> [EXERCISE DESCRIPTION] Exact copy, pictures excluded: write out every line below.
++++ PROVIDED DATA ++++
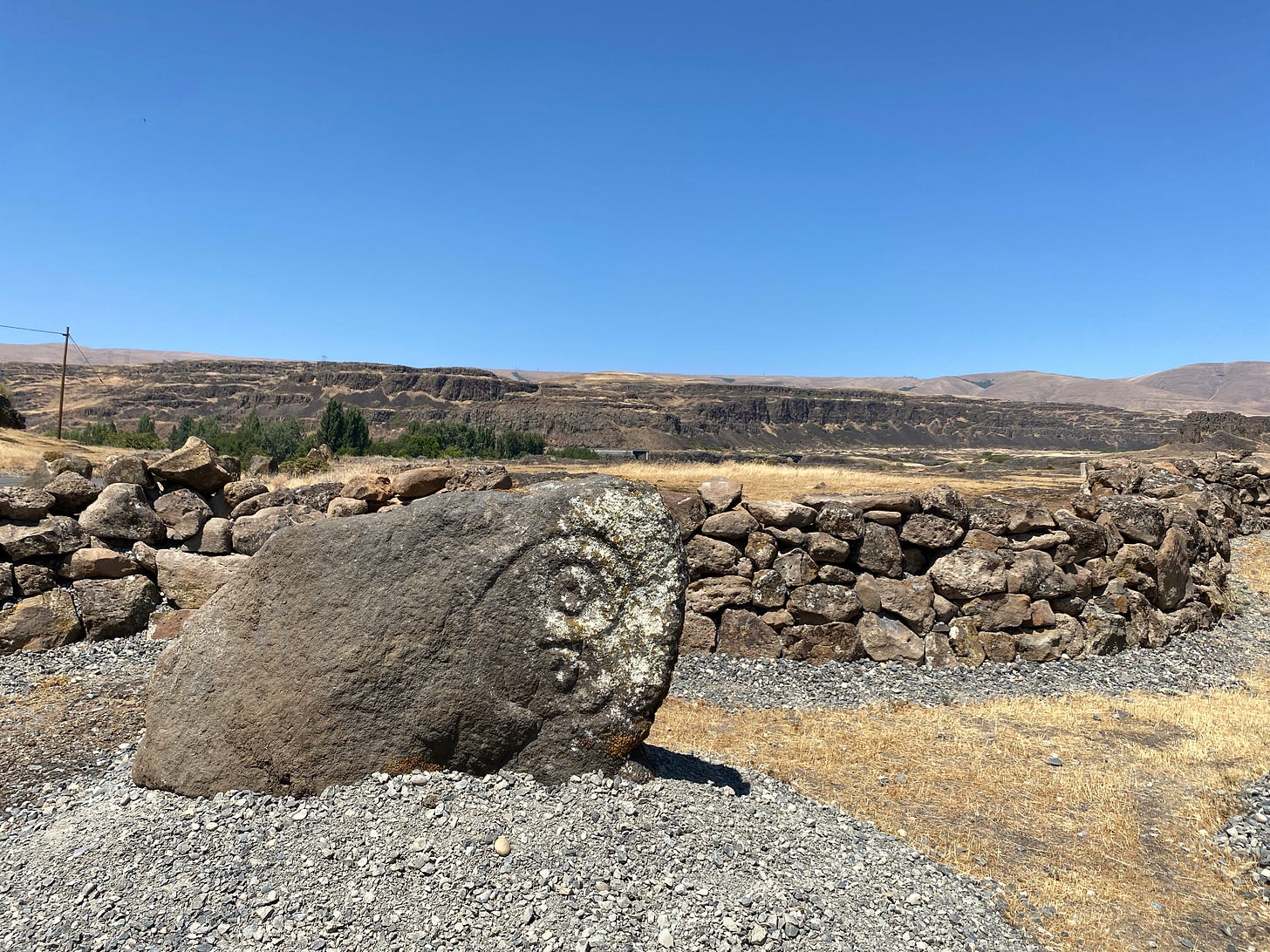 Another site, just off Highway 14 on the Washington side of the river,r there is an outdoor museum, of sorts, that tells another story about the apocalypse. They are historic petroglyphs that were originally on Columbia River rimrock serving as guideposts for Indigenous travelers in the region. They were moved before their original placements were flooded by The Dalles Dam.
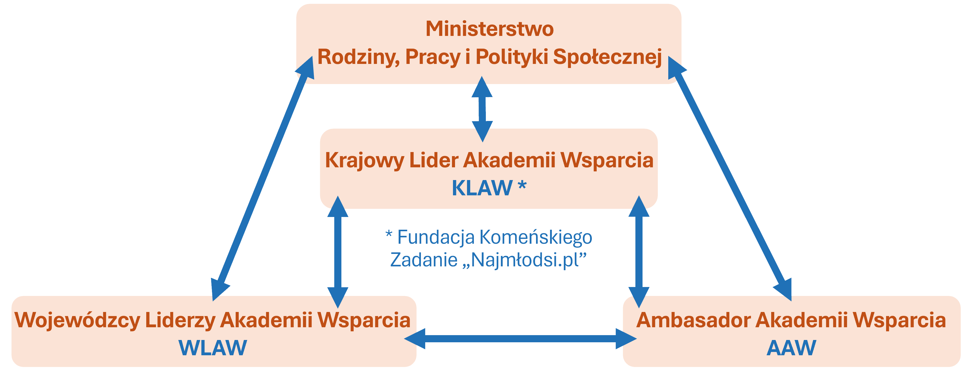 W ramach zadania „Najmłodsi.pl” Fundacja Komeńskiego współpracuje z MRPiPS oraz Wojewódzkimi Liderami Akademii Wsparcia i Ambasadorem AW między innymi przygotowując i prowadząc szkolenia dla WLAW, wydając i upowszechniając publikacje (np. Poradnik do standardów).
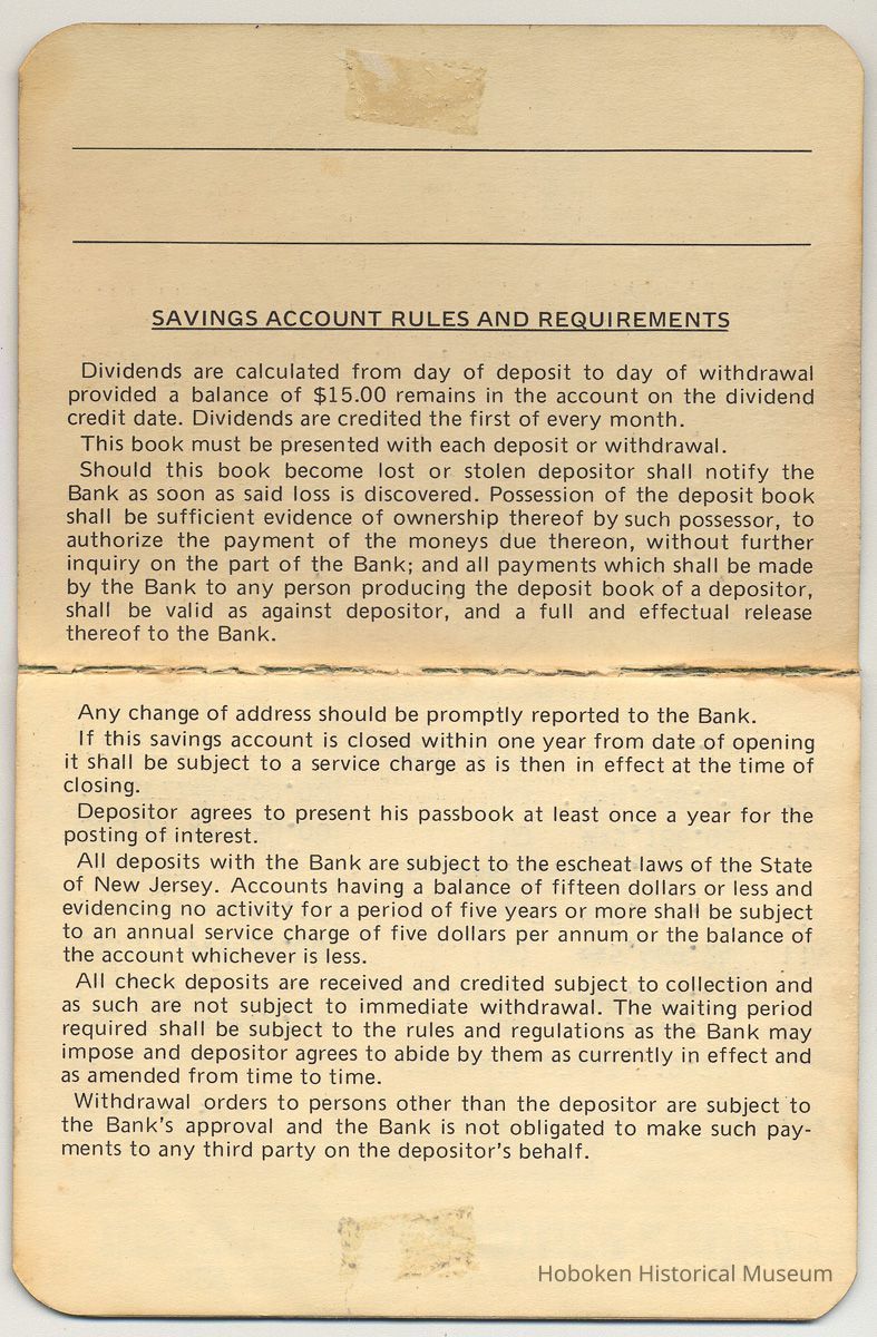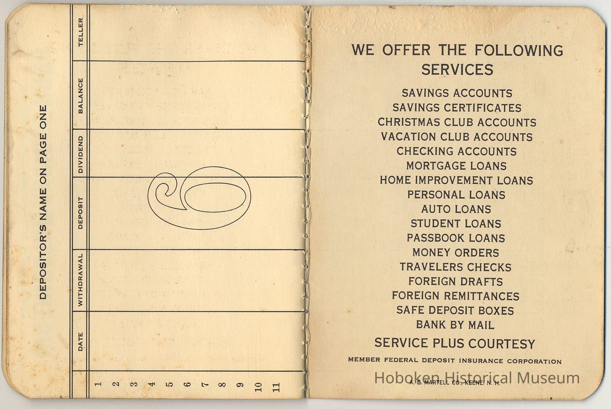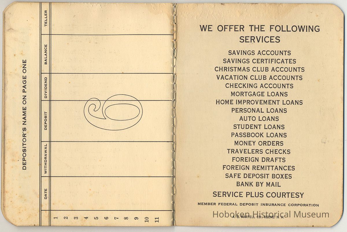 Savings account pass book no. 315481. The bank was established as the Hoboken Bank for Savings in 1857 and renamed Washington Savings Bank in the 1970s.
++++
> [SOLUTION BELOW]
 Another site, just off Highway 14 on the Washington side of the river,r there is an outdoor museum, of sorts, that tells another story about the apocalypse. They are historic petroglyphs that were originally on Columbia River rimrock serving as guideposts for Indigenous travelers in the region. They were moved before their original placements were flooded by The Dalles Dam.
 W ramach zadania „Najmłodsi.pl” Fundacja Komeńskiego współpracuje z MRPiPS oraz Wojewódzkimi Liderami Akademii Wsparcia i Ambasadorem AW między innymi przygotowując i prowadząc szkolenia dla WLAW, wydając i upowszechniając publikacje (np. Poradnik do standardów).
 Savings account pass book no. 315481. The bank was established as the Hoboken Bank for Savings in 1857 and renamed Washington Savings Bank in the 1970s.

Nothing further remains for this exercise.